Use WithDegreeOfParallelism extension:
Enumerable.Range(0, 100).AsParallel().WithDegreeOfParallelism(x).Select(...

What determines the number of threads for a TaskFactory spawned jobs?

I have the following code:
var factory = new TaskFactory();
for (int i = 0; i < 100; i++)
{
var i1 = i;
factory.StartNew(() => foo(i1));
}
static void foo(int i)
{
Thread.Sleep(1000);
Console.WriteLine($"foo{i} - on thread {Thread.CurrentThread.ManagedThreadId}");
}
I can see it only does 4 threads at a time (based on observation). My questions:
What determines the number of threads used at a time?

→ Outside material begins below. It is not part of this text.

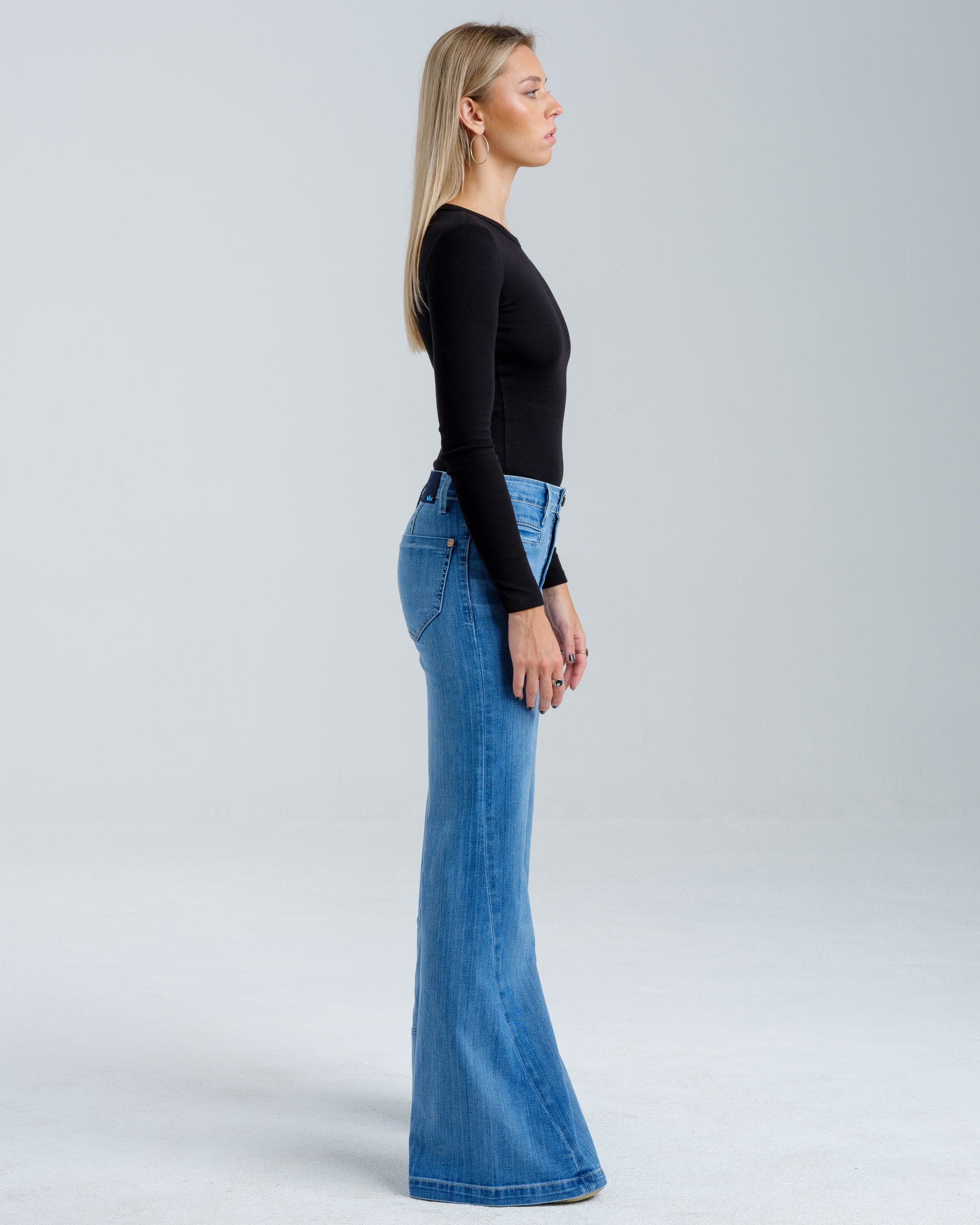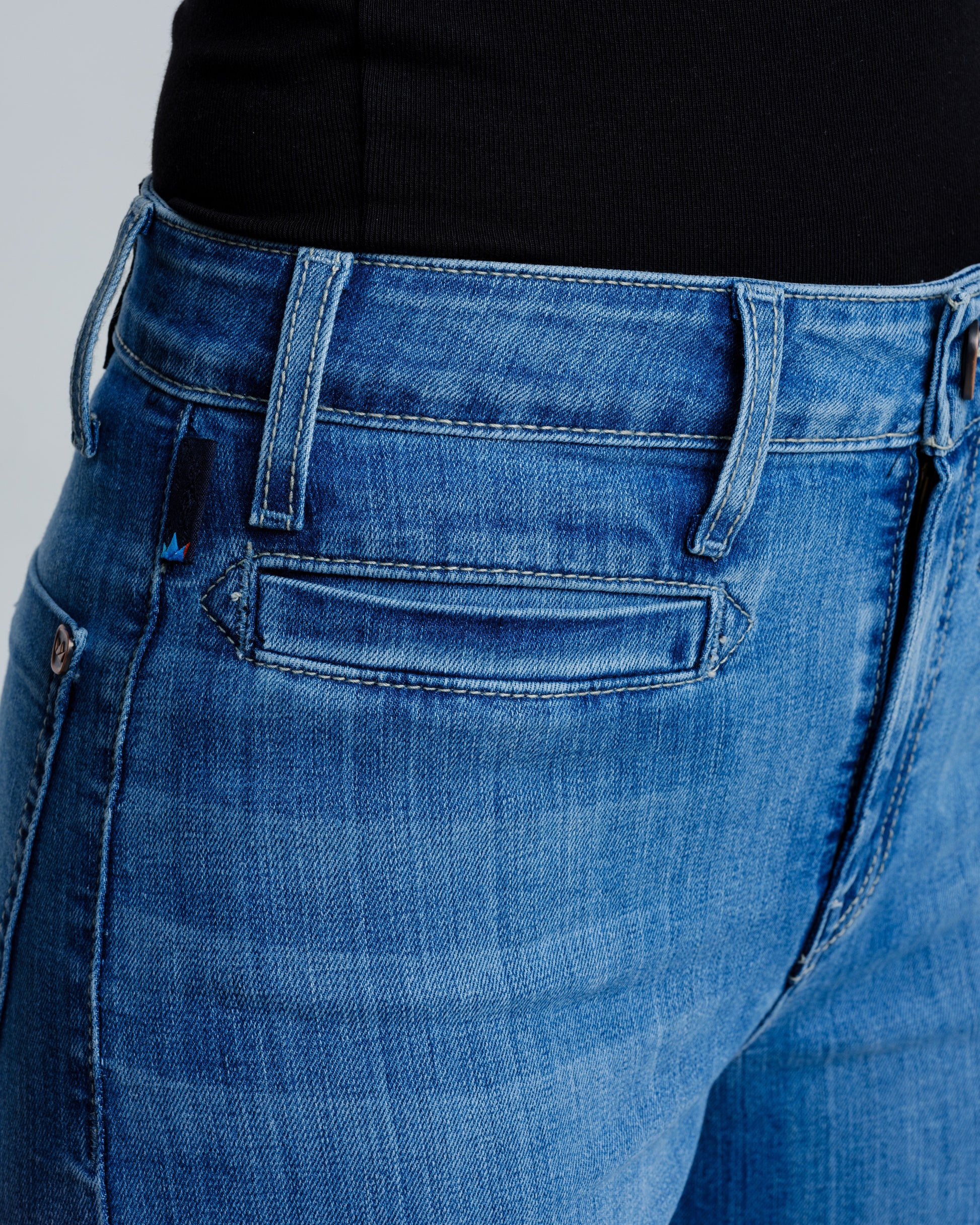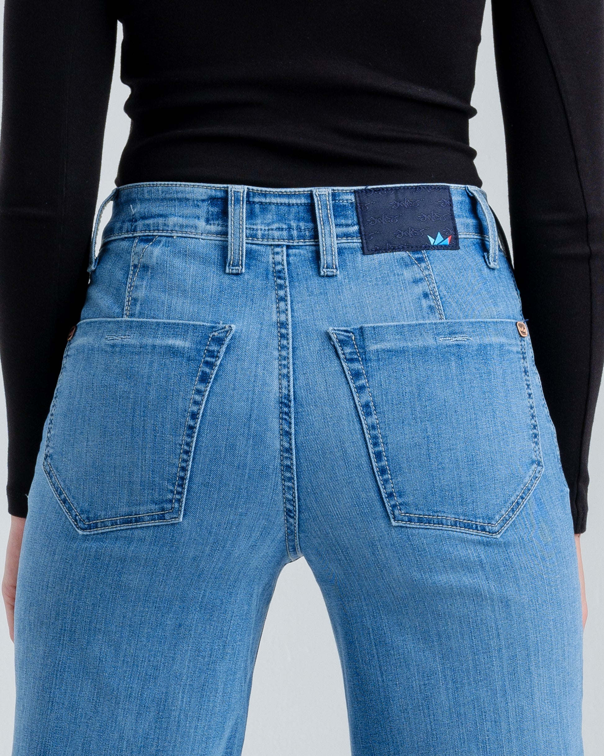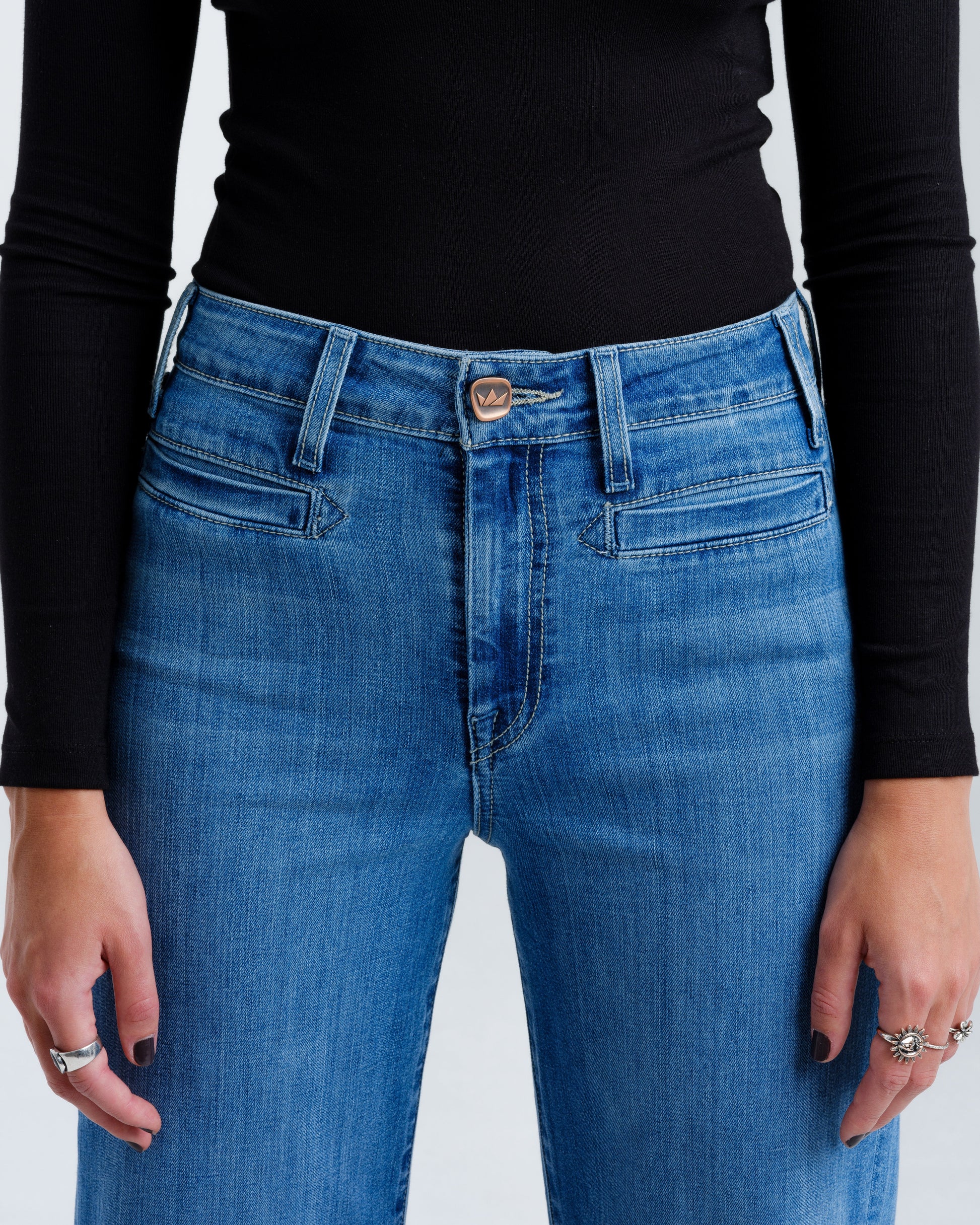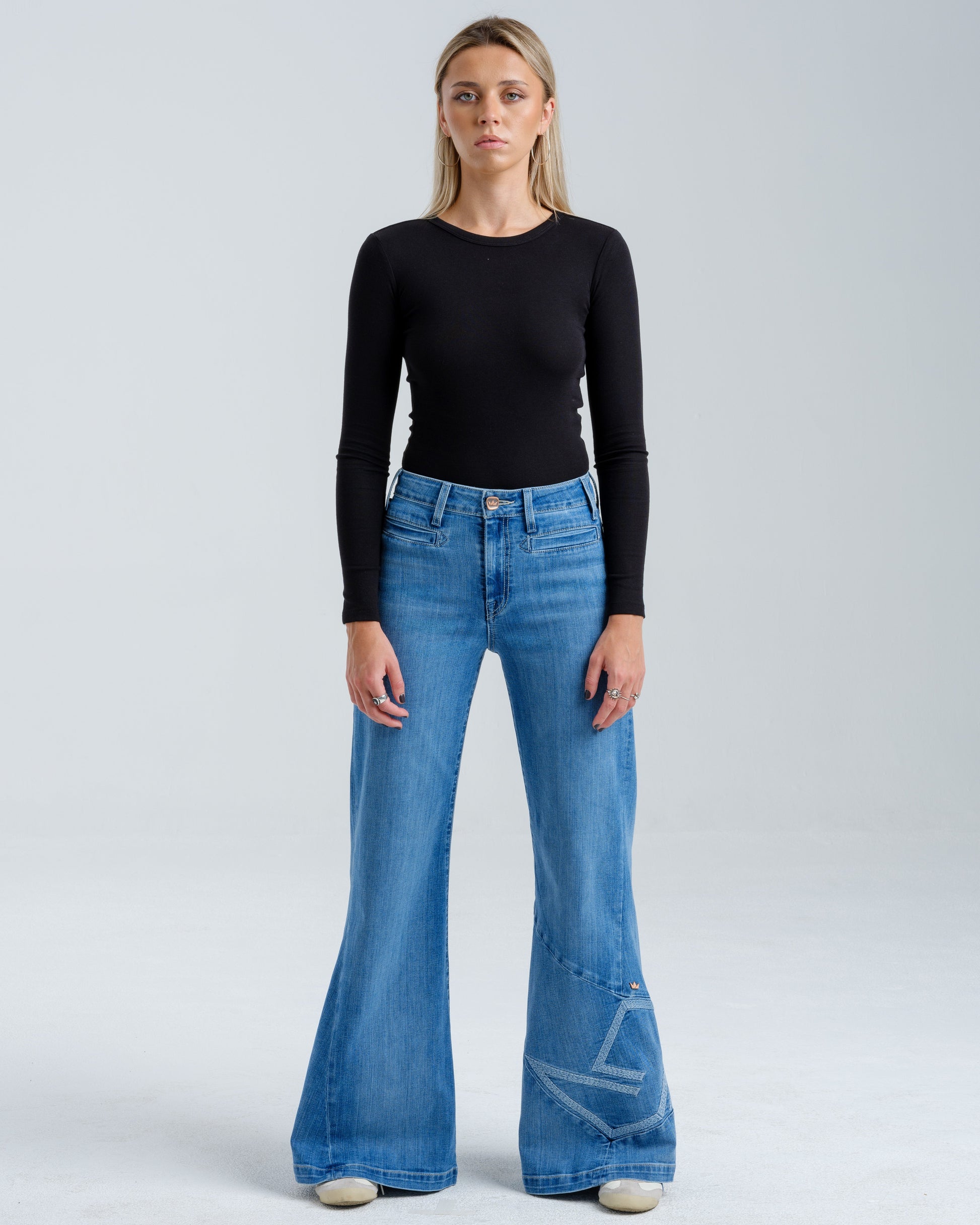 A bold high-rise, wide-flare jean blending vintage charm with modern sophistication. Crafted from soft stretch denim with S-Gene® technology and REPREVE® recycled yarns for a luxurious, comfortable fit. Features a high waist, front double welt pockets, and fashion darts at the back for a flattering shape. Geometric paneling and a unique cutout on the left leg showcase the new crown embroidery. Finished with contrast stitching, premium hardware, and an antique wash.

How can I retrieve this number?
How can I change this number?
P.S. My box has 4 cores.
P.P.S. I needed to have a specific number of tasks (and no more) that are concurrently processed by the TPL and ended up with the following code:
private static int count = 0; // keep track of how many concurrent tasks are running
private static void SemaphoreImplementation()
{
var s = new Semaphore(20, 20); // allow 20 tasks at a time
for (int i = 0; i < 1000; i++)
{
var i1 = i;
Task.Factory.StartNew(() =>
{
try
{
s.WaitOne();
Interlocked.Increment(ref count);
foo(i1);
}
finally
{
s.Release();
Interlocked.Decrement(ref count);
}
}, TaskCreationOptions.LongRunning);
}
}
static void foo(int i)
{
Thread.Sleep(100);
Console.WriteLine($"foo{i:00} - on thread " +
$"{Thread.CurrentThread.ManagedThreadId:00}. Executing concurently: {count}");
}
When you are using a Task in .NET, you are telling the TPL to schedule a piece of work (via TaskScheduler) to be executed on the ThreadPool. Note that the work will be scheduled at its earliest opportunity and however the scheduler sees fit. This means that the TaskScheduler will decide how many threads will be used to run n number of tasks and which task is executed on which thread.

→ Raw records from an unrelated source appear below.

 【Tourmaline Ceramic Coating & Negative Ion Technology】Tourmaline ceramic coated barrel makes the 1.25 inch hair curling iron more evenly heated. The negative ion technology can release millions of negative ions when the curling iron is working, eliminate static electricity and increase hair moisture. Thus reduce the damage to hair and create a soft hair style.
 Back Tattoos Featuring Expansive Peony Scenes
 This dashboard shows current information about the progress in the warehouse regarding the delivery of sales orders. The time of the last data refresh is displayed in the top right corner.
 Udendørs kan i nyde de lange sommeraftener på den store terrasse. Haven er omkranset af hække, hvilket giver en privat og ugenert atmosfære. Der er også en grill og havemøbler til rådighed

The TPL is very well tuned and continues to adjust its algorithm as it executes your tasks. So, in most cases, it tries to minimize contention. What this means is if you are running 100 tasks and only have 4 cores (which you can get using Environment.ProcessorCount), it would not make sense to execute more than 4 threads at any given time, as otherwise it would need to do more context switching. Now there are times where you want to explicitly override this behaviour. Let's say in the case where you need to wait for some sort of IO to finish, which is a whole different story.

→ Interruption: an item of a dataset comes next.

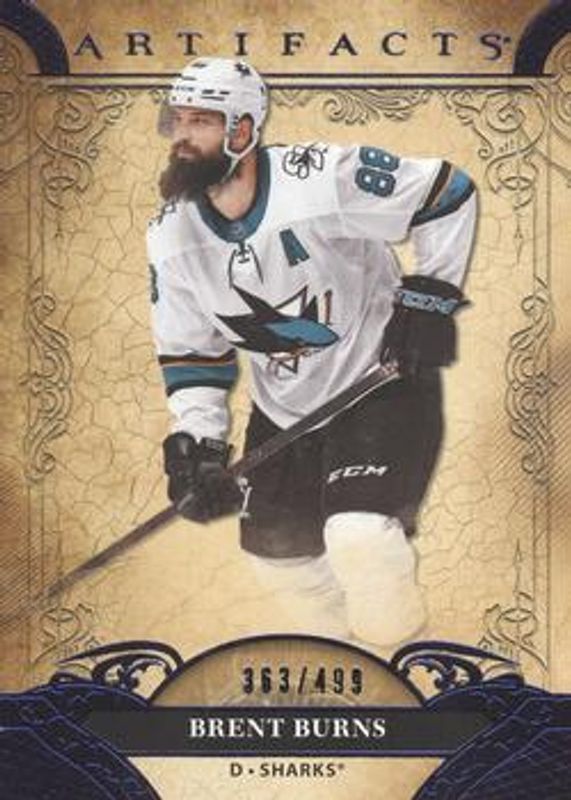 The Brent Burns 2020 Upper Deck Artifacts #46 Blue Sapphire /499 card is 1 of 16 Brent Burns' card variations in the 2020 Upper Deck Artifacts set being tracked by Sports Card Investor, including Base /999, Copper /299, Emerald /99, Autumn /75, and Aqua /45.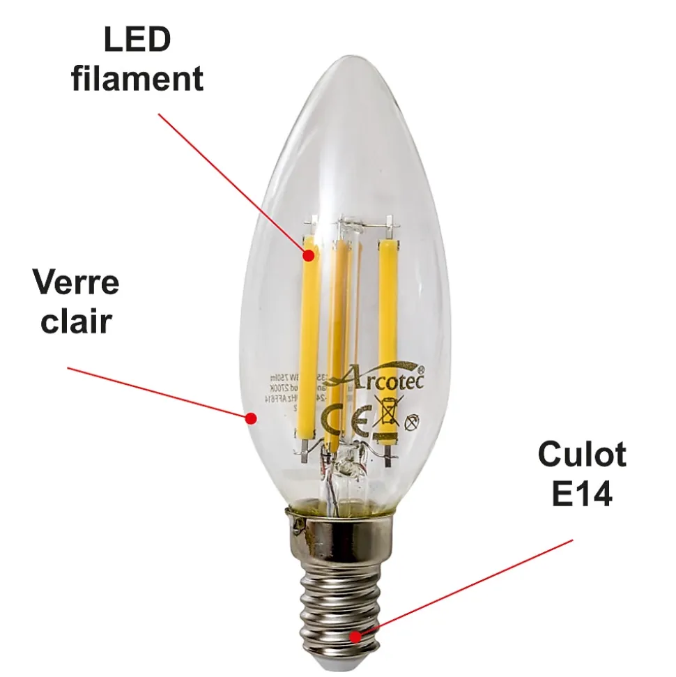 Des ampoules de haute qualité : CE et RoHS approuvés avec 2 ans de garantie .Des économies d’énergie significatives : économisez près de 90% sur votre facture d’électricité de l’éclairage en remplaçant vos ampoules à incandescence de 60 W par ces ampoules LED de 6W.Une durée de vie extrêmement longue de 20 000 heures (vs 1 200 heures pour une ampoule à incandescence) pour un nombre de commutation garanti (ON/OFF) de 15 000.Un angle de faisceau large de 300 degrés, parfait pour un éclairage résidentiel et commercial.Une lumière de 750 lumens immédiatement, sans temps de chauffe pour atteindre son niveau d’éclairage maximal.Avec une température de couleur de 2 700 kelvin, l’ampoule fournit une lumière blanc chaud, créant une atmosphère accueillante dans n’importe quelle pièce.Il s’agit d’ampoules LED non réglables, non compatibles avec les variateurs de lumière.Caractéristiques techniques :Modèle : LED filamentForme : Flamme C37Culot : E14Type LED : filamentPuissance réelle : 6 WattEquivalence ampoule à incandescence : 57 WattAncienne classe énergétique : A++Nouvelle classe énergétique : EEconomie d’énergie : 90%Durée de vie : 20 000 heuresNombre de commutation (ON/OFF) : 15 000Variable / dimmable : nonAllumage : instantanéCouleur : blanc chaudTempérature (en kelvin) : 2 700 KLumen : 750 LmAngle de diffusion : 300°Verre : clairDimensions : 37×98 mmTension : 220-240 VoltGarantie : 2 ansNormes : CE, RoHS

In summary, trust the TPL. But if you are adamant to spawn a thread per task (not always a good idea!), you can use:
Task.Factory.StartNew(
() => /* your piece of work */,
TaskCreationOptions.LongRunning);
This tells the DefaultTaskscheduler to explicitly spawn a new thread for that piece of work.
You can also use your own Scheduler and pass it in to the TaskFactory. You can find a whole bunch of Schedulers HERE.
Note another alternative would be to use PLINQ which again by default analyses your query and decides whether parallelizing it would yield any benefit or not, again in the case of a blocking IO where you are certain starting multiple threads will result in a better execution you can force the parallelism by using WithExecutionMode(ParallelExecutionMode.ForceParallelism) you then can use WithDegreeOfParallelism, to give hints on how many threads to use but remember there is no guarantee you would get that many threads, as MSDN says:
Sets the degree of parallelism to use in a query. Degree of
parallelism is the maximum number of concurrently executing tasks that
will be used to process the query.
Finally, I highly recommend having a read of THIS great series of articles on Threading and TPL.
If you increase the number of tasks to for example 1000000 you will see a lot more threads spawned over time. The TPL tends to inject one every 500ms.
The TPL threadpool does not understand IO-bound workloads (sleep is IO). It's not a good idea to rely on the TPL for picking the right degree of parallelism in these cases. The TPL is completely clueless and injects more threads based on vague guesses about throughput. Also to avoid deadlocks.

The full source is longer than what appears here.